» Data provided:
-- Opening Marker --

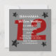 ADOLESCENTE 12 Surpresa Aniversário Carvões Grunge C12 com estrelas. Este moderno design preto, cinza e vermelho com as suas explodidas estrelas de granizo é uma forma divertida, mas elegante de convidar as pessoas para uma celebração da festa de aniversário SURPRISE de 12 anos. Você pode experimentar diferentes tipos de papel clicando na guia "Opções de convite" no canto superior direito. Eu recomendo o papel metálico calado que dá ao seu convite de aniversário um shimmer festivo e brilhar. Adorável!
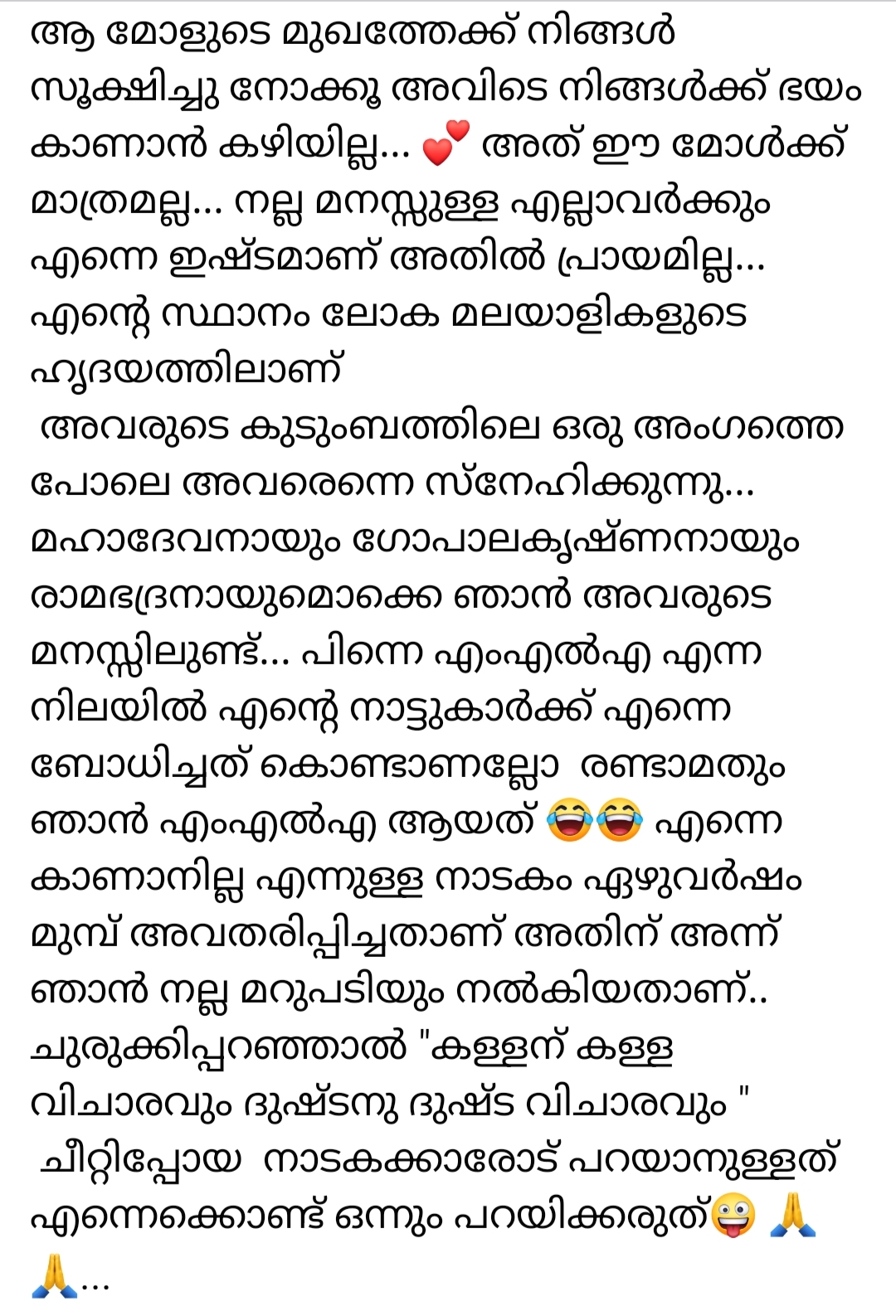 ആ മോളുടെ മുഖത്തേക്ക് നിങ്ങൾ സൂക്ഷിച്ചു നോക്കൂ അവിടെ നിങ്ങൾക്ക് ഭയം കാണാൻ കഴിയില്ല... 💕 അത് ഈ മോൾക്ക് മാത്രമല്ല... നല്ല മനസ്സുള്ള എല്ലാവർക്കും എന്നെ ഇഷ്ടമാണ് അതിൽ പ്രായമില്ല... എന്റെ സ്ഥാനം ലോക മലയാളികളുടെ ഹൃദയത്തിലാണ്
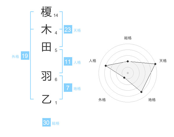 榎木田 羽乙さんの天格は23画の5点!
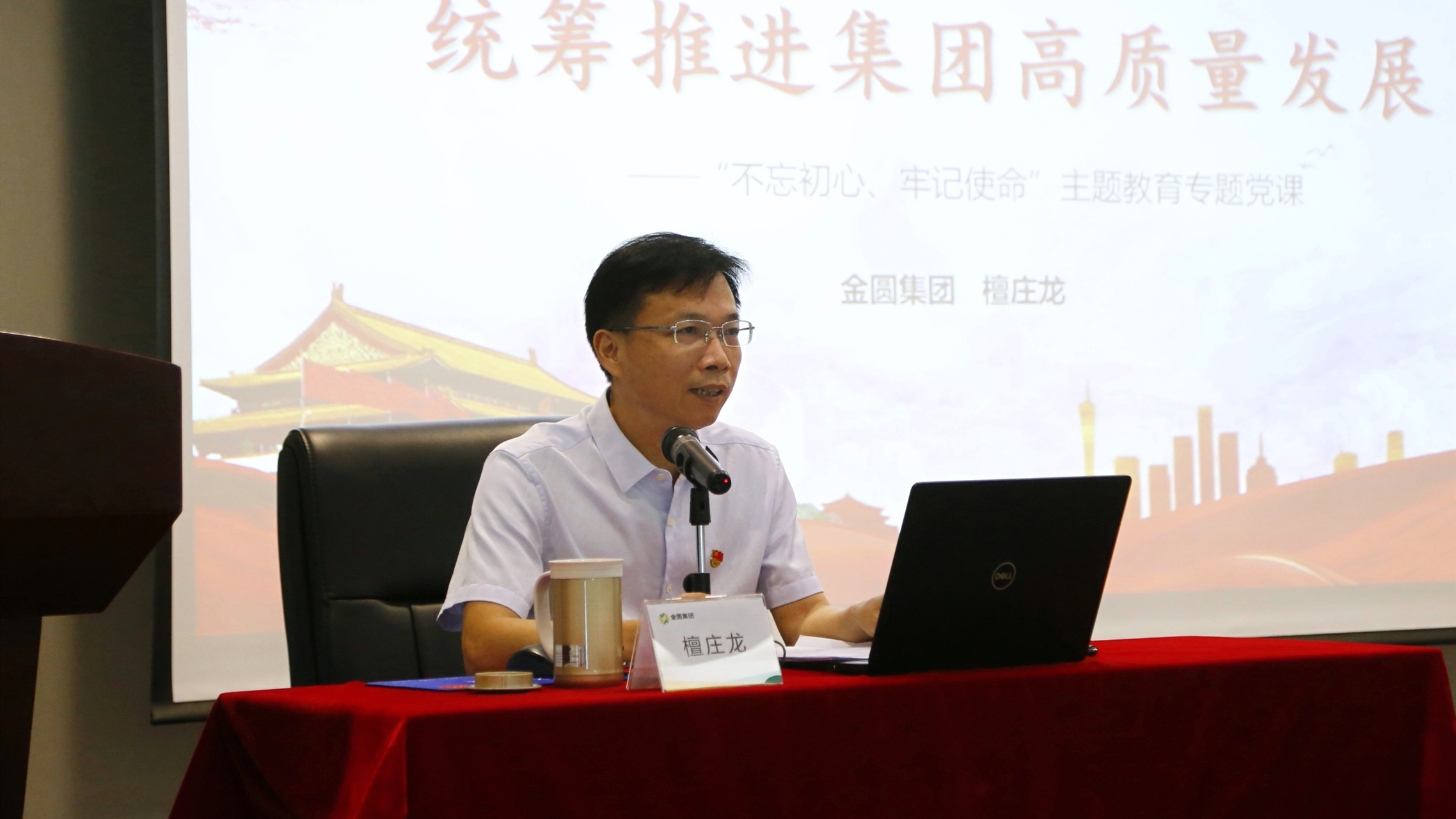 为深入贯彻落实习近平新时代中国特色社会主义思想,扎实推进“不忘初心、牢记使命”主题教育,激励全体党员增强“四个意识”,坚定“四个自信”,做到“两个维护”,7月23日上午,集团党委书记、董事长檀庄龙以“加强党的政治建设,统筹推进集团高质量发展”为题,向200多名党员干部讲专题党课。

-- Closing Marker --

» Task objective: The whole listing should be reproduced exactly. Images don't go in.

» Written answer:
 ADOLESCENTE 12 Surpresa Aniversário Carvões Grunge C12 com estrelas. Este moderno design preto, cinza e vermelho com as suas explodidas estrelas de granizo é uma forma divertida, mas elegante de convidar as pessoas para uma celebração da festa de aniversário SURPRISE de 12 anos. Você pode experimentar diferentes tipos de papel clicando na guia "Opções de convite" no canto superior direito. Eu recomendo o papel metálico calado que dá ao seu convite de aniversário um shimmer festivo e brilhar. Adorável!
 ആ മോളുടെ മുഖത്തേക്ക് നിങ്ങൾ സൂക്ഷിച്ചു നോക്കൂ അവിടെ നിങ്ങൾക്ക് ഭയം കാണാൻ കഴിയില്ല... 💕 അത് ഈ മോൾക്ക് മാത്രമല്ല... നല്ല മനസ്സുള്ള എല്ലാവർക്കും എന്നെ ഇഷ്ടമാണ് അതിൽ പ്രായമില്ല... എന്റെ സ്ഥാനം ലോക മലയാളികളുടെ ഹൃദയത്തിലാണ്
 榎木田 羽乙さんの天格は23画の5点!
 为深入贯彻落实习近平新时代中国特色社会主义思想,扎实推进“不忘初心、牢记使命”主题教育,激励全体党员增强“四个意识”,坚定“四个自信”,做到“两个维护”,7月23日上午,集团党委书记、董事长檀庄龙以“加强党的政治建设,统筹推进集团高质量发展”为题,向200多名党员干部讲专题党课。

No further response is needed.